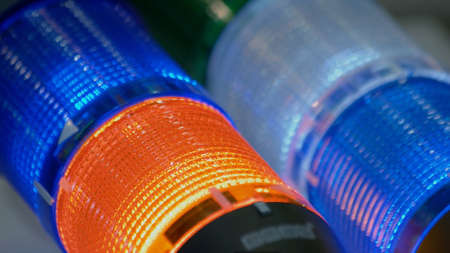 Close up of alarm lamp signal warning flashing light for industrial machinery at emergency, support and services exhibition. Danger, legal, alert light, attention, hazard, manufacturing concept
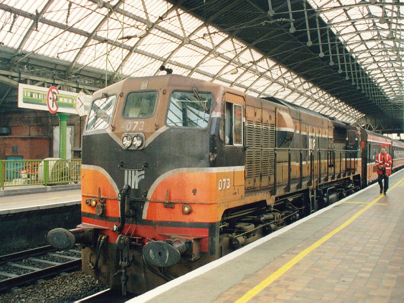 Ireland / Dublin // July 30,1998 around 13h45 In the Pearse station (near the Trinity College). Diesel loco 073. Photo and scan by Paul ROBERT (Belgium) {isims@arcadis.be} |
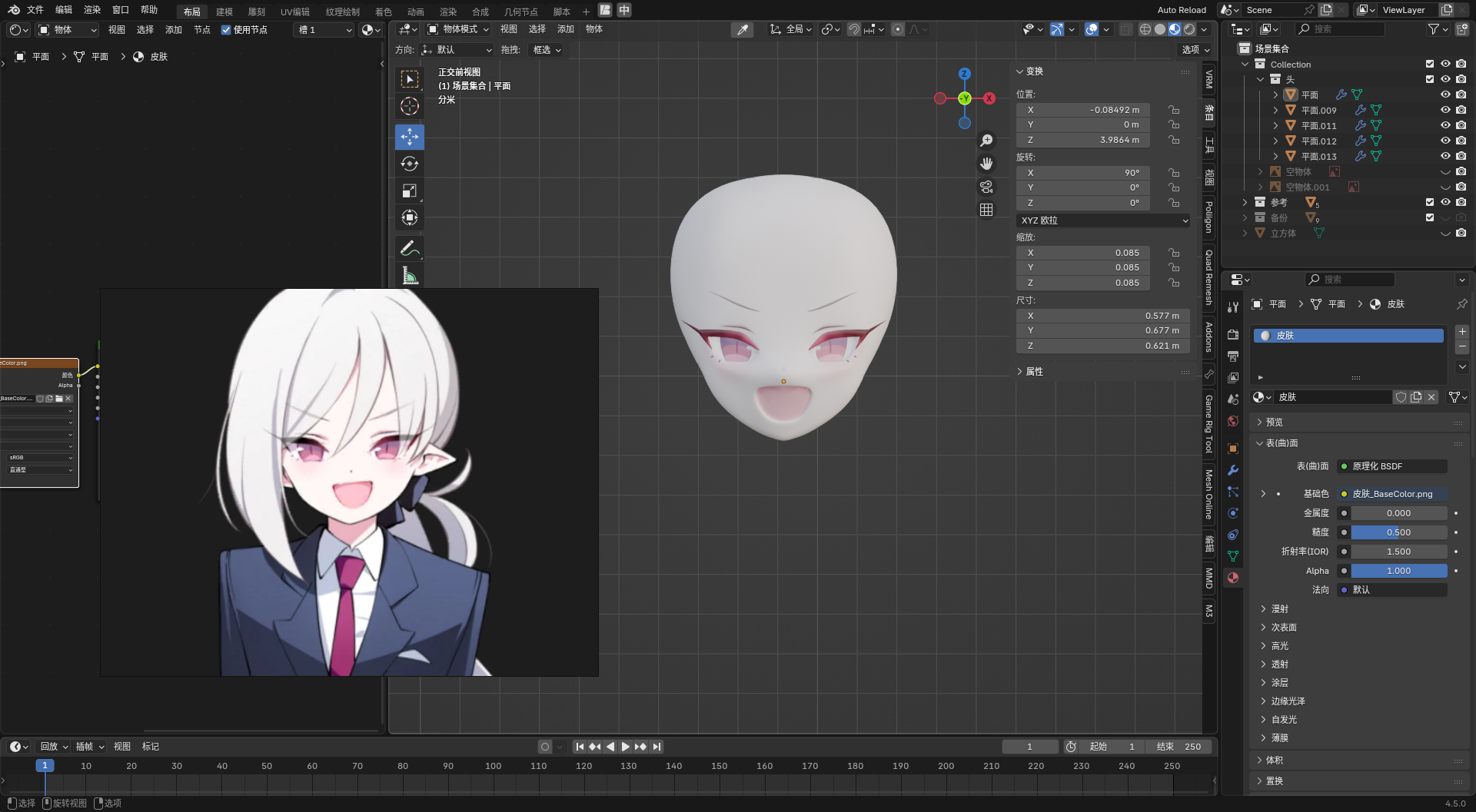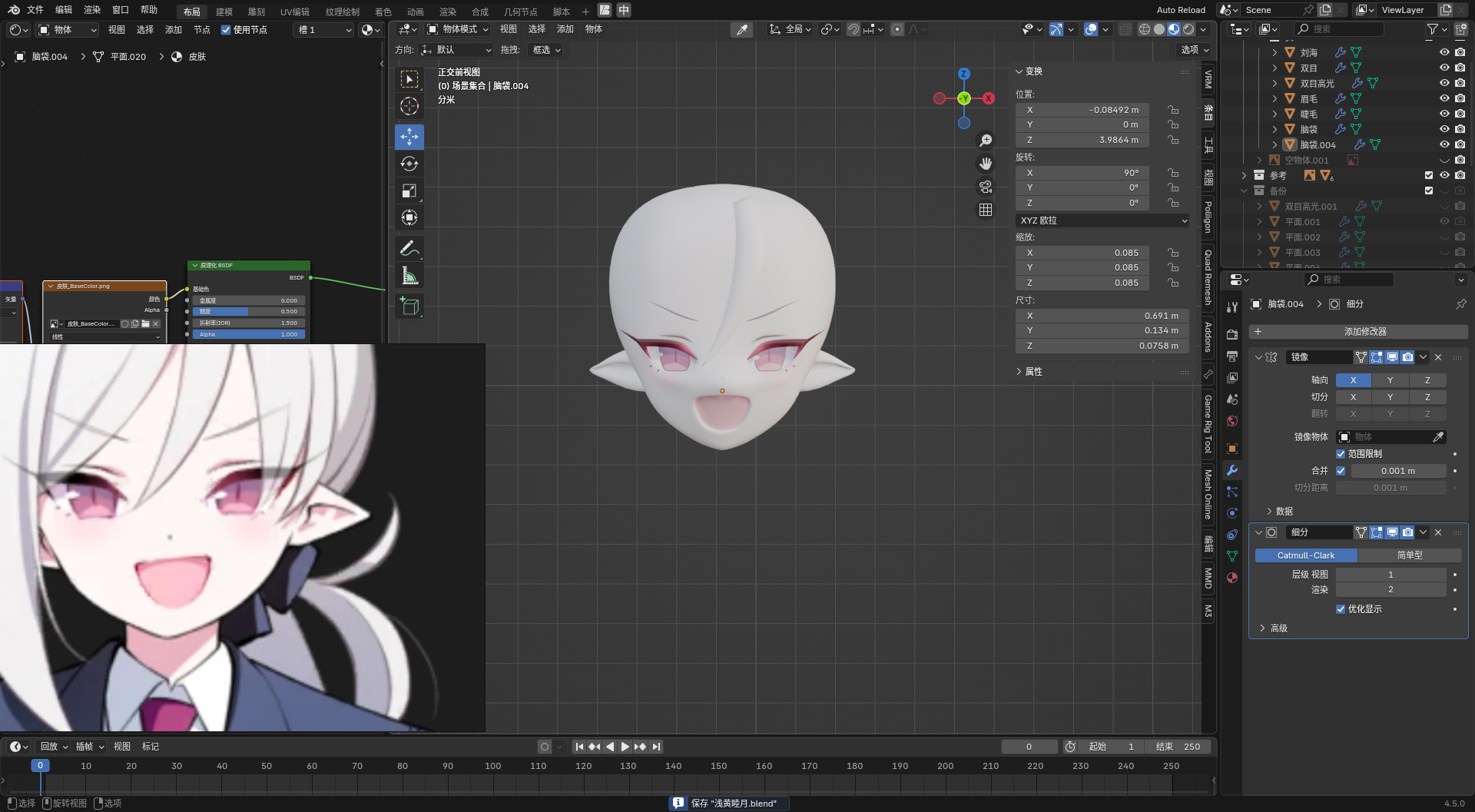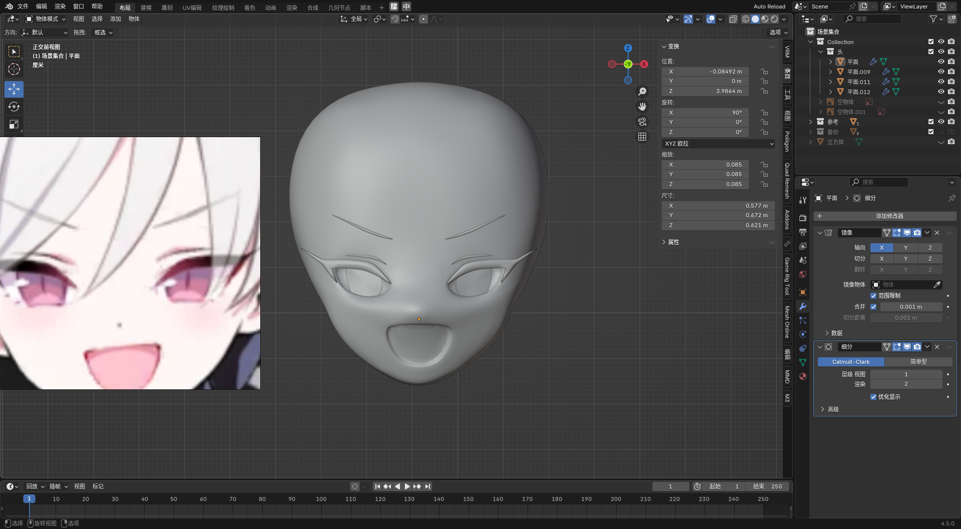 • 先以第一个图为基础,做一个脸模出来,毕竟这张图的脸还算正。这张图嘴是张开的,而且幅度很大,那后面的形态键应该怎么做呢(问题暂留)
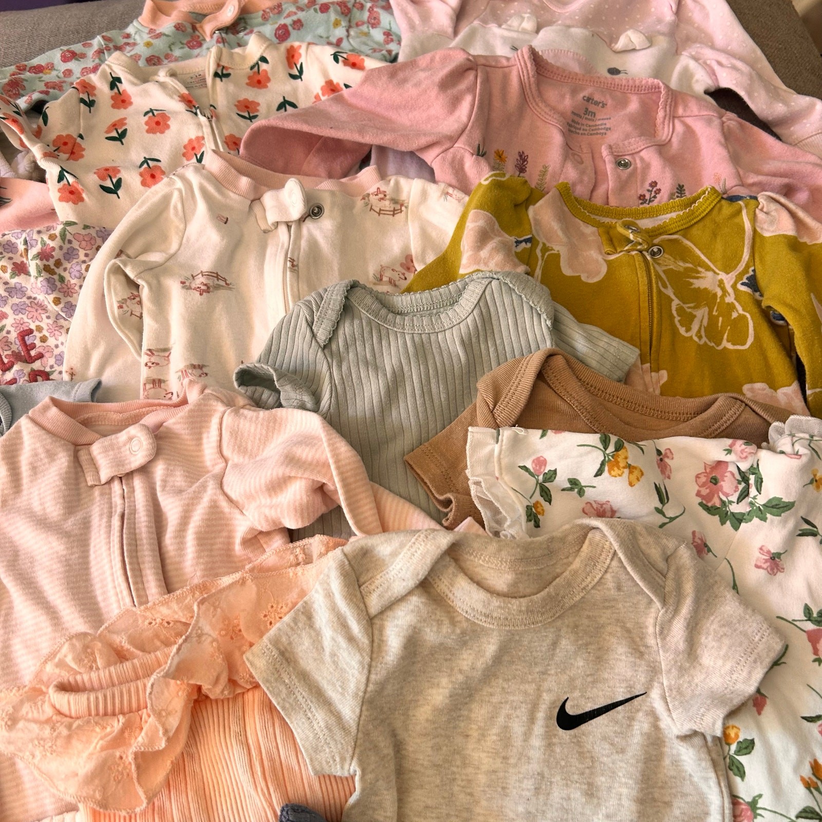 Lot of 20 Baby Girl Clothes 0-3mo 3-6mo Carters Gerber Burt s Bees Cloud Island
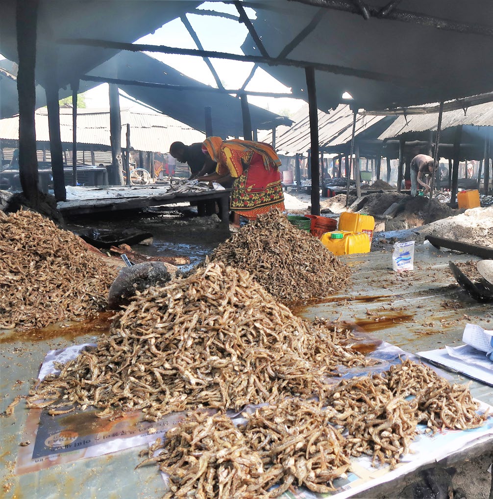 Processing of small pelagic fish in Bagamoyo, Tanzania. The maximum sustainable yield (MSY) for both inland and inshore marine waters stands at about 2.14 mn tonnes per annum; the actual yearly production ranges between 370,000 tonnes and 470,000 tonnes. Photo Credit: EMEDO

------------------------------------------------------------

Lines from the one with "Lot of 20 Baby" through the final line of the listing above: copy them exactly, both ends included, and omit every picture.

▶ **Solved problem**:
 Lot of 20 Baby Girl Clothes 0-3mo 3-6mo Carters Gerber Burt s Bees Cloud Island
 Processing of small pelagic fish in Bagamoyo, Tanzania. The maximum sustainable yield (MSY) for both inland and inshore marine waters stands at about 2.14 mn tonnes per annum; the actual yearly production ranges between 370,000 tonnes and 470,000 tonnes. Photo Credit: EMEDO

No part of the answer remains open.